RECORDS FOR THE EXERCISE
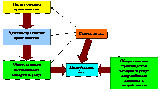 Отдельно от системы государства стоит рынок труда, где труд индивидуален и представляет собой обычное воспроизводство труда человека. Экономические отношения между трудящимися на рынке труда представляют собой простой обмен между людьми их результатами труда посредством денежного вознаграждения. Это невостребованный государством трудовой ресурс, который вовлекается в производства привлекательным вознаграждением. Римляне разведали, что в соседнем племени договоры не исполняются, все обманывают друг друга, все злые за это друг на друга. Князь с дружиной не пресекает это безобразие, народ на князя злится. Римляне собрались с силами, разбили дружину князя, объявили закон: «Договоры должны исполняться. За неисполнение своих обязательств перед контрагентом будет суровая ответственность.» Все перестали друг друга обманывать, все перестали друг на друга злиться. Прокуратор пресекает нечестивость – народ его любит, благами за это одаривает его (исправно налоги платит). Прокуратор с небольшим легионом спокойно почивает на лаврах и от жиру бесится. В следующее племя послали разведчиков… *** СИСТЕМА ГОСУДАРСТВА. Государство это племя или союз племён, как объединение людей, объединенных потребностью в обмене производимыми благами и совместной защите накопленных благ от других племён. Это объединение имеет строгую организацию, которая возникает из природы человека и природы отношений между людьми; это система экономических отношений между людьми в производствах и между производствами в экономических оборотах благ. Статика этой системы – производство, соединение четырёх факторов производства: ** труд населения страны; **национальный капитал, вложенный в средства производства и являющийся частными накоплениями предпринимателей в обороте, а также капитал административного, политического производства и армии, воспроизводимый от прибыли предпринимателей; ** земля – это территория страны; ** предпринимательская деятельность – организационно-управленческая деятельность административной системы. Динамика системы государства – это беспрерывная, целенаправленная, работа подсистем: **Общественное производство товаров и услуг, которое производит товары и услуги для потребителя; **Административное производство, которое производит управление общественным производством товаров и услуг; **Политическое производство, которое производит отбор кадров в управление административным производством; **Общественное производство товаров и услуг запрещённых законом к потреблению.
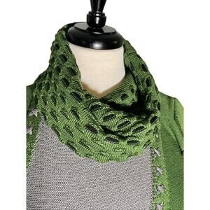 This women's sweater features a stylish color block design with a cowl neck for added warmth and sophistication. The green and black knit material creates a cozy and chic look, perfect for medium size women. The sweater is designed to be both functional and fashionable, making it a versatile addition to any wardrobe. Can also be worn as a dress.
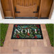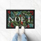 Het woord NOEL tussen winterblaadjes, rode en witte bessen is gedrukt op zwart op de deurmat, een geweldig accent van het vakantiehuis. OVEREENKOMENDE objecten in ons collectie.
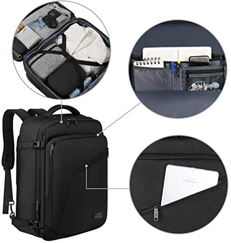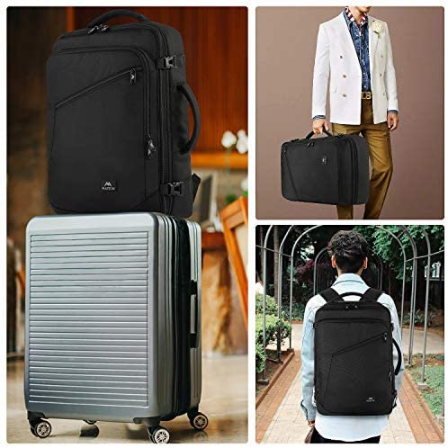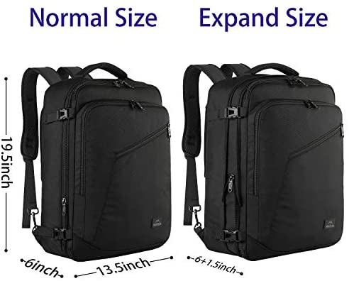 EXPANDABLE & LARGE CAPACITY: This extra large travel backpack with expandable feature offers you more packing capacity. Unzipping to get 40L storage then can easily hold packing cubes, make-up bag, outfits, camera bag and gear, etc. It fits overhead and under seat while on state of standard carry on size, is ideal for men, women, weekend traveler, or occasional vacationer. This versatile luggage backpack also meets airline carry-on requirements, for airlines such as Easy Jet, Spirit, Jet Blue
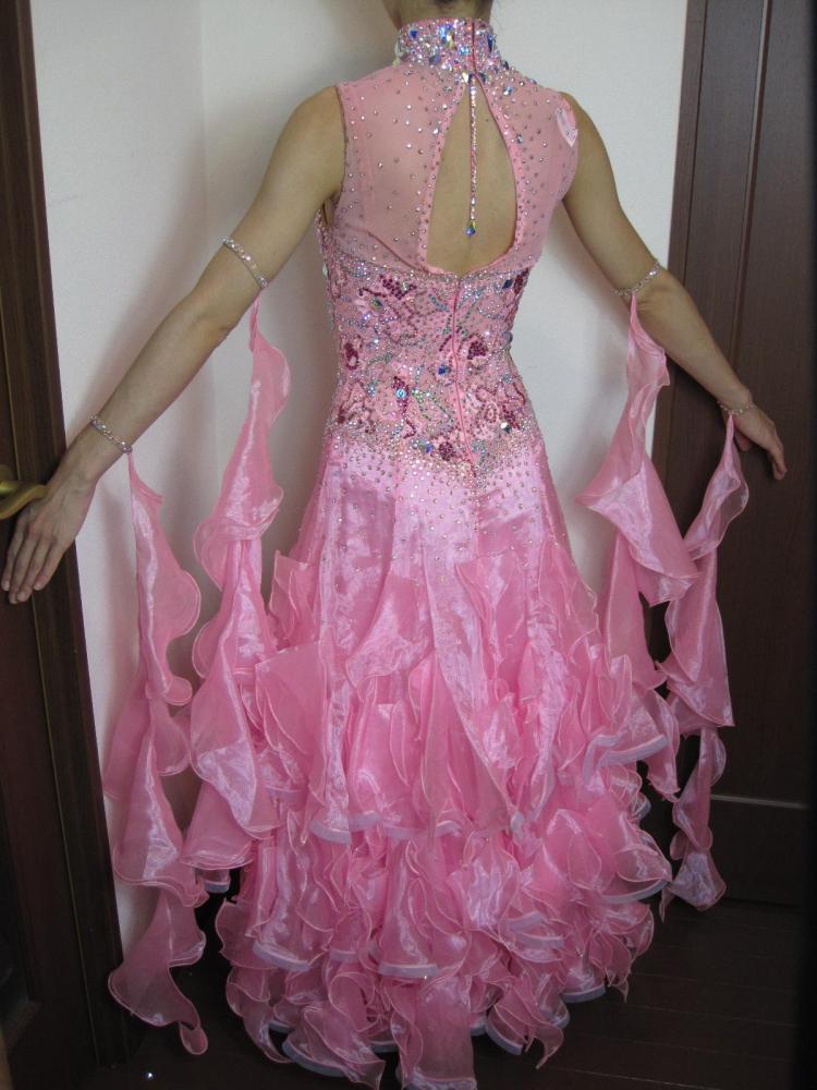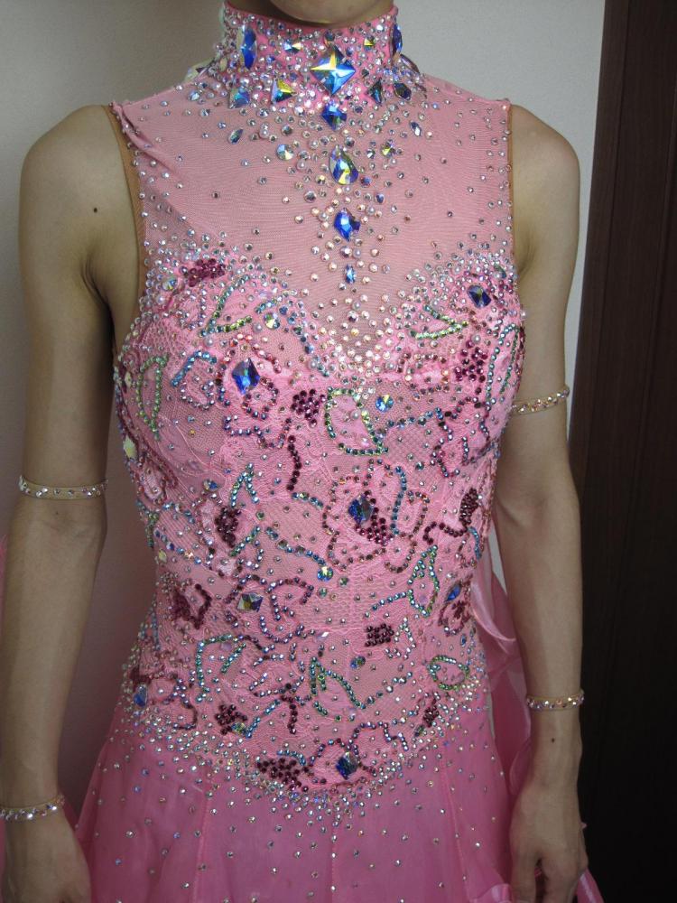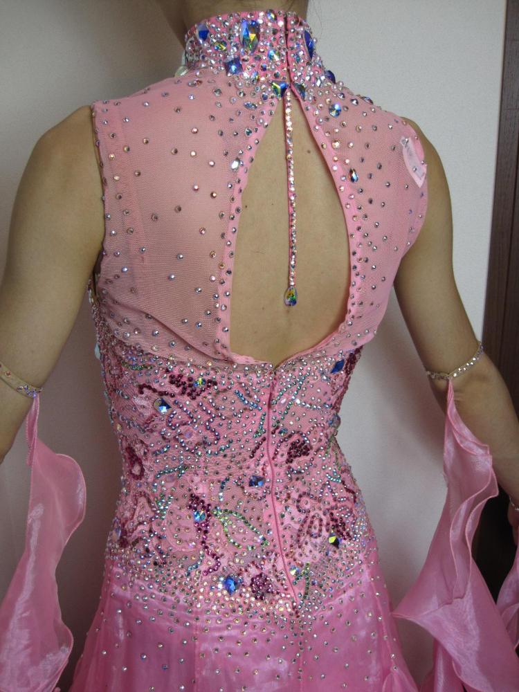ピンクのフリルがかわいいドレスです。ボディはスワロフスキーが沢山ついています。チャックがあまり下がらず、履くときがキツいので、細身の方でないと難しいと思いますが、入ってしまえば、キツくは無いと思います。

TASK DETAILS
Write the lines from the line containing "Het woord NOEL" through the last line of the data out again exactly, and only those lines; pictures stay out.

SOLVED EXERCISE
 Het woord NOEL tussen winterblaadjes, rode en witte bessen is gedrukt op zwart op de deurmat, een geweldig accent van het vakantiehuis. OVEREENKOMENDE objecten in ons collectie.
 EXPANDABLE & LARGE CAPACITY: This extra large travel backpack with expandable feature offers you more packing capacity. Unzipping to get 40L storage then can easily hold packing cubes, make-up bag, outfits, camera bag and gear, etc. It fits overhead and under seat while on state of standard carry on size, is ideal for men, women, weekend traveler, or occasional vacationer. This versatile luggage backpack also meets airline carry-on requirements, for airlines such as Easy Jet, Spirit, Jet Blue
ピンクのフリルがかわいいドレスです。ボディはスワロフスキーが沢山ついています。チャックがあまり下がらず、履くときがキツいので、細身の方でないと難しいと思いますが、入ってしまえば、キツくは無いと思います。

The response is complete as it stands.